If you are an existing Carbon Black EDR customer and want to migrate to RHEL 8 FIPS, you must update the license file. The new license file has the SHA-256 certificates that work in a FIPS-enabled environment.

This path is designed for users who are currently running Carbon Black EDR on RHEL 8 without FIPS mode enabled.

Prerequisites

Contact Carbon Black EDR Technical Support and request a FIPS-compatible license file.

Procedure

  1. Upgrade the Carbon Black EDR Server to 7.8.0. See Upgrading a Server.
  2. Follow the instructions in Migration from Legacy to System OpenSSL on EL 8.
    Note: This step is essential to ensure that the certificates used by Carbon Black EDR are compatible with RHEL 8 FIPS mode.
  3. Enable FIPS mode on the required machines at the OS level.

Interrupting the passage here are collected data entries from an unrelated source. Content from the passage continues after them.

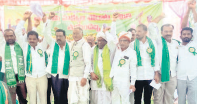
తొమ్మిది డిమాండ్లను తీర్చాలని చేసిన నివాదాలు చేస్తున్న ఆదివాసి పెద్దలు
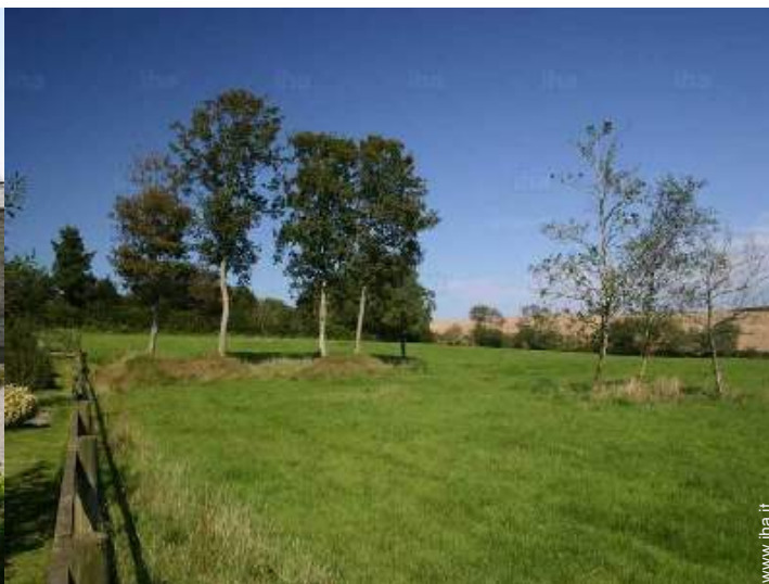
vista sul prato
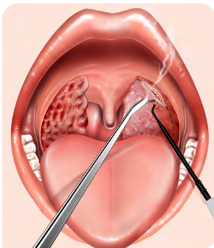
Abb. 2: Der hervorstehende Teil der Tonsille wird entlang der Inzisionslinie, parallel zum vorderen Gaumenbogen, abgetrennt. Die Tonsille wird dabei ohne oder mit nur leichtem Zug gefasst.
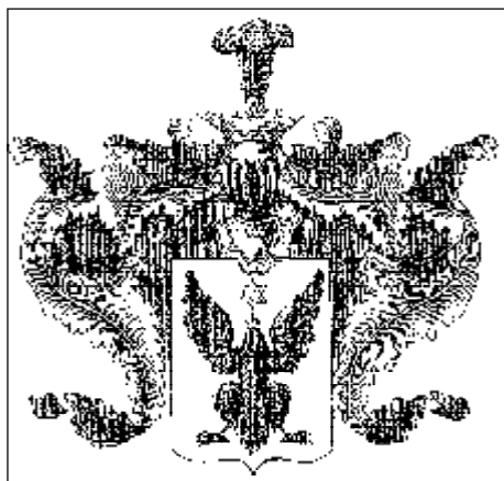
Герб рода Пальчиковых
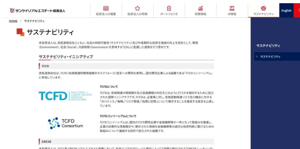
サステナビリティページの冒頭部分

サステナビリティに関する専用ページを新設し、本投資法人は資産運用会社とともに社会の持続可能性（サステナビリティ）及び中長期的な投資主価値の向上を目的として、今後はこちらのページにて情報開示の充実を図ります。
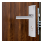
zamek dolny 3-ryglowy (Typ A, Typ P)
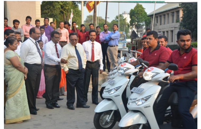
Distribution of new motor bicycles in order to upgrade Speed Post
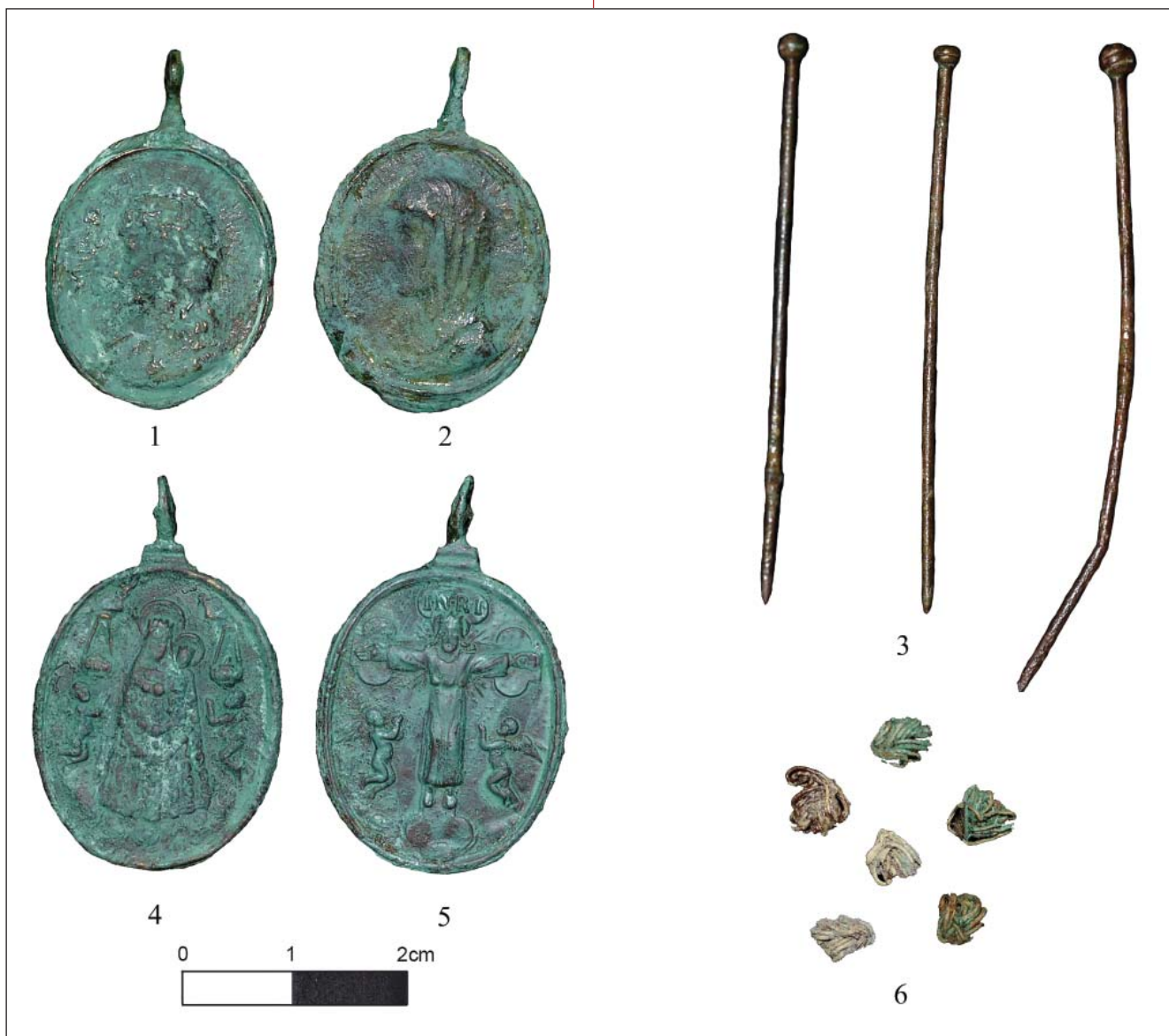
6. Прилози из гробова са некрополе Паланка: 1–2) Свећачка медаљица из гроба 1/2014; 3) уокоснице и 4) медаљица из гроба 5/5014; 6) делови златићевеза из гроба 2/2014 (J. Вулејић и М. Радмиловић)
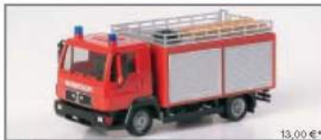
043526 MANL 2000 TLF 8/18 „Feuerwehr“
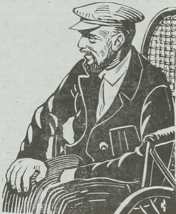
В. И. Ленин выздоравливает. Новейший снимок Владимира Ильича, произведенный в августе 1923 г.
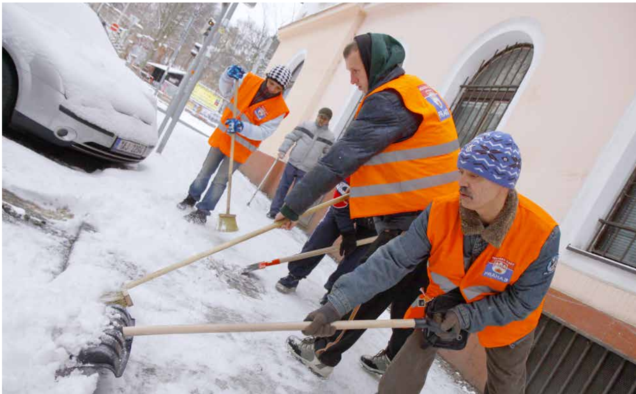
V Praze 3 nezaměstnaní pomáhají s úklidem ulic

See Enable FIPS Mode on a RHEL 8 Machine.
    Note: If you have a cluster deployment, perform this step on all nodes. Do not reboot the machines until after you have performed Step 4.
  4. Enable FIPS in Solr for Carbon Black EDR. See Solr FIPS.
    Note: If you have a cluster deployment, perform this step on all nodes. If you have already added a node as a non-root user, you must update the sudoers file. See Required User Privileges.